One of the loyal citizens ducked beneath the ruined fruit cart which was stationed in front of a storefront with a large glass window. And only one emotion plagued this one pony: Absolute terror. It’s like you can’t go out these days without that one lousy storefront window just bursting apart and showering all the nearby ponies with glass, and this day was little different. Well, except for that the entire store was also being totally blown away because of the ratatat from Luna’s machinegun. And what’s worse was that he was the only pony left out in the open, and Luna saw this.
So Luna got up on her hind legs, wrapped her forelegs cautiously around the weapon, as careful as one would be when holding in their hooves a constantly firing automatic rifle, and she started walking over to this poor guy. This could either end super well or super awful. So Luna just stood right in front of him while he was cowering beneath the ruins of the storefront, taking careful wild aim at the sky whilst shell casings rained upon the pony. She knew he was frightened and thus leaned down and spoke in the royal canterlot way, which was at the top of her lungs.
“Hello there dear citizen of Equestria. I’m sorry for the inconvenience, I’m having quite a difficult time you see. As such, I would like to make a formal request for your assistance.”

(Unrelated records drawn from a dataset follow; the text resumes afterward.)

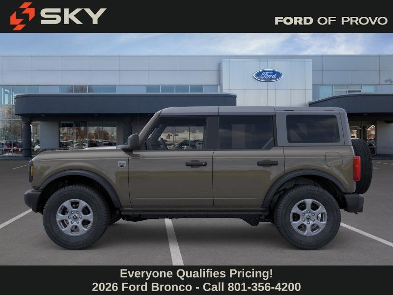 This 2026 Marsh Gray Ford Bronco Big Bend 4WD is well equipped and includes these features and benefits: Ford Connectivity Package (1-Year Included), 4-Wheel Disc Brakes, 4.46 Axle Ratio, 7 Speakers, ABS brakes, Air Conditioning, Alloy wheels, AM/FM radio: SiriusXM with 360L, AM/FM Stereo, Auto High-beam Headlights, Brake assist, Cloth Bucket Seats, Compass, Delay-off headlights, Driver door bin, Driver vanity mirror, Dual front impact airbags, Dual front side impact airbags, Electronic Stability Control, Emergency communication system: 911 Assist, Exterior Parking Camera Rear, Front anti-roll bar, Front Bucket Seats, Front Center Armrest, Front reading lights, Front wheel independent suspension, Fully automatic headlights, Heated door mirrors, Illuminated entry, Integrated roll-over protection, Low tire pressure warning, Occupant sensing airbag, Outside temperature display, Overhead airbag, Overhead console, Panic alarm, Passenger door bin, Passenger vanity mirror, Power door mirrors, Power steering, Power windows, Radio data system, Remote keyless entry, Security system, SiriusXM with 360L, Speed control, Split folding rear seat, Steering wheel mounted audio controls, SYNC 4, Tachometer, Telescoping steering wheel, Tilt steering wheel, Traction control, Trip computer, Variably intermittent wipers, and Wheels: 17" Carbonized Gray-Painted Aluminum.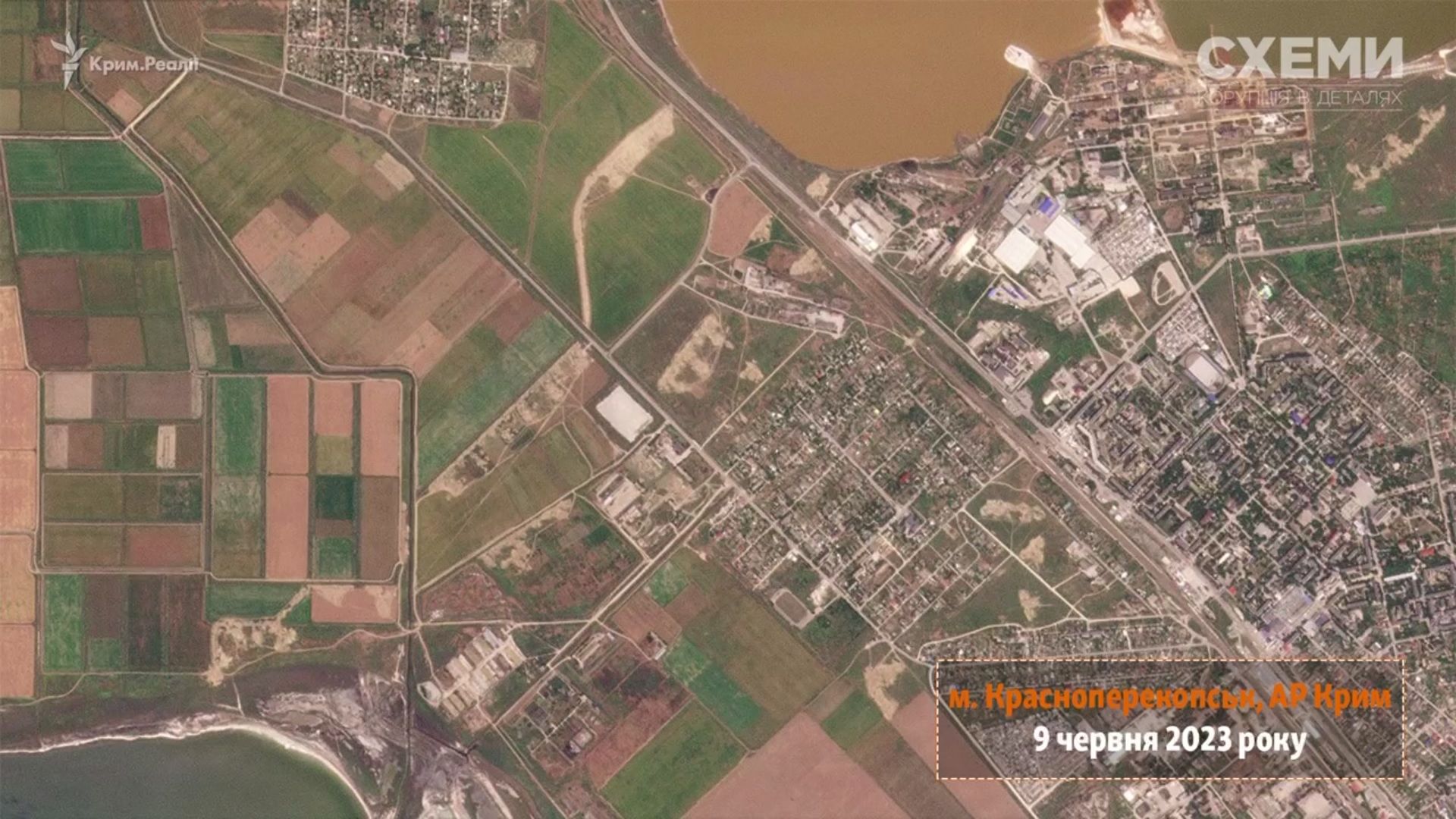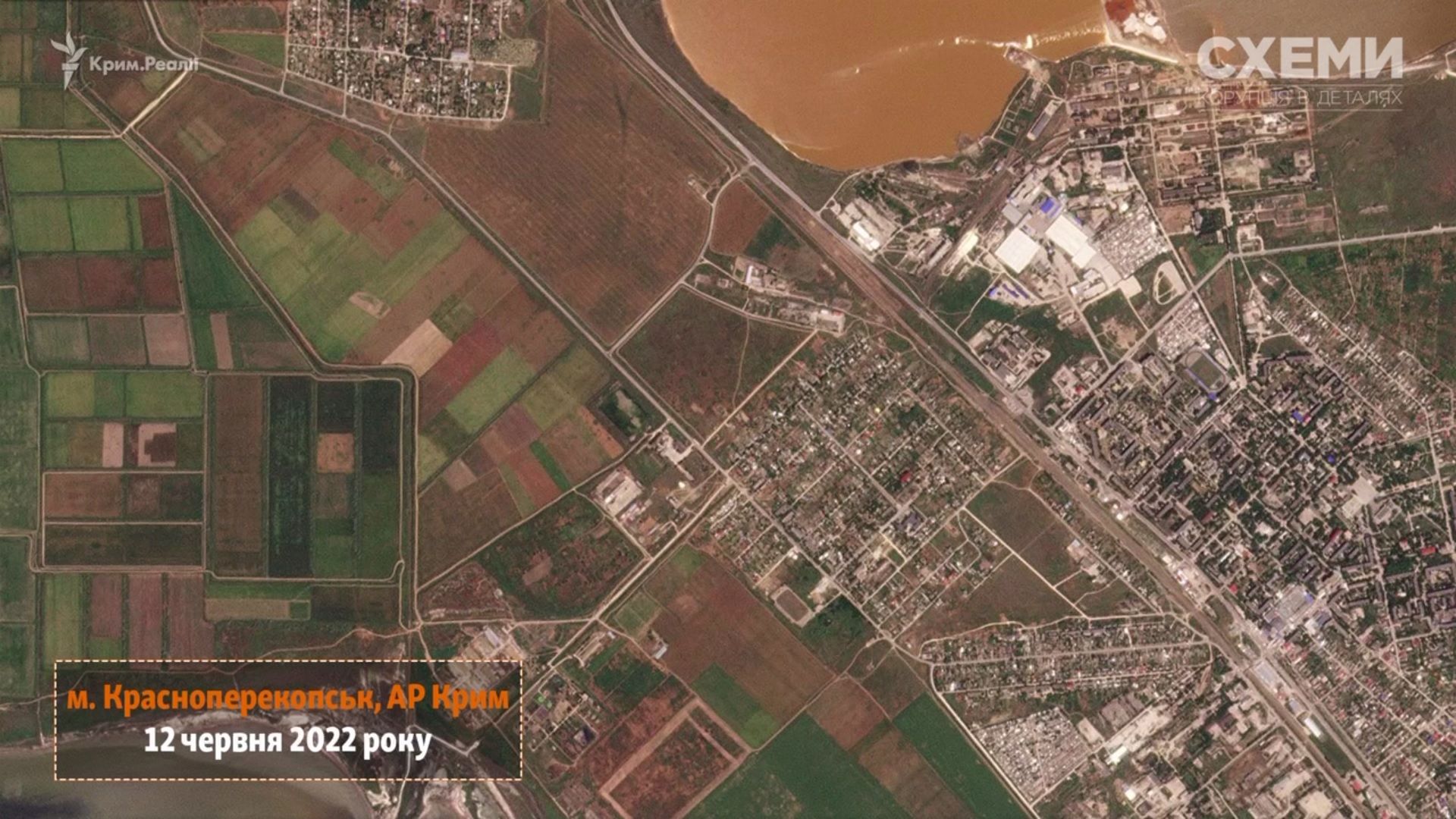 Порівняння супутникових знімків Красноперекопська 12 червня 2022 року та 9 червня 2023 року / Фото "Схеми"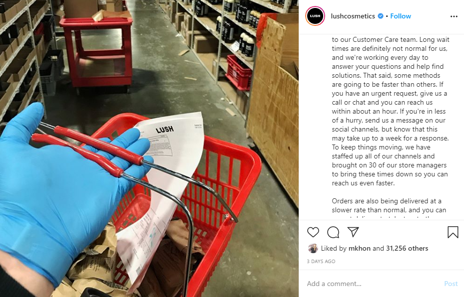 This is a great example from one of my favorite brands, LUSH, on transparency on Instagram. See the full post here.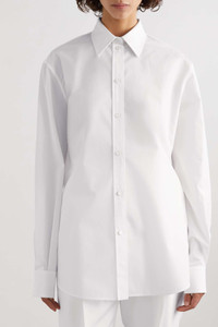 EDITORS'NOTES Nothing compares to a classic button-down shirt when it comes to wearability and styling. This one by Alexander McQueen is tailored for a loose fit from crisp cotton-poplin and has a piqué collar. SIZE & FIT - Fits large to size, take one size smaller than normal - Intended for a loose fit - Mid-weight, non-stretchy fabric - Model is 180cm/ 5’11” and is wearing an IT 38 DETAILS & CARE - White cotton-poplin and piqué - Button fastenings through front - 100% cotton - Dry clean

She said over the sound of the gun while it continued to produce the explosive sounds that resulted in a ferocious roar from its metallic form.
“Could you be of the most help and do me such a huge favor? Could you have a nice day?”
Now, he probably answered, but there was no chance that she was going to hear it over the sound of gunfire. This was starting to become a bit of a huge problem, so it’s probably best she finds some consulting on the matter. So using magic to assist herself as she held the gun with one of her hooves, she started running three-legged and took off with her wings and just flew right out of the city. Well, what’s left of the city. Anyways, where she was going was to find the biggest nerdicorn ever to exist in the history of ever. She should know what to do!
Author's Note
There's a bunch of facts about Luna I wanted to include in this story. Like, I once saw Luna eat her family alive. That's why everypony was afraid she'd gobble them up when she came back at Nightmare Night.
. . . They got better.
I might be lying, I dunno, I forget huge portions of life when I'm not on coffee.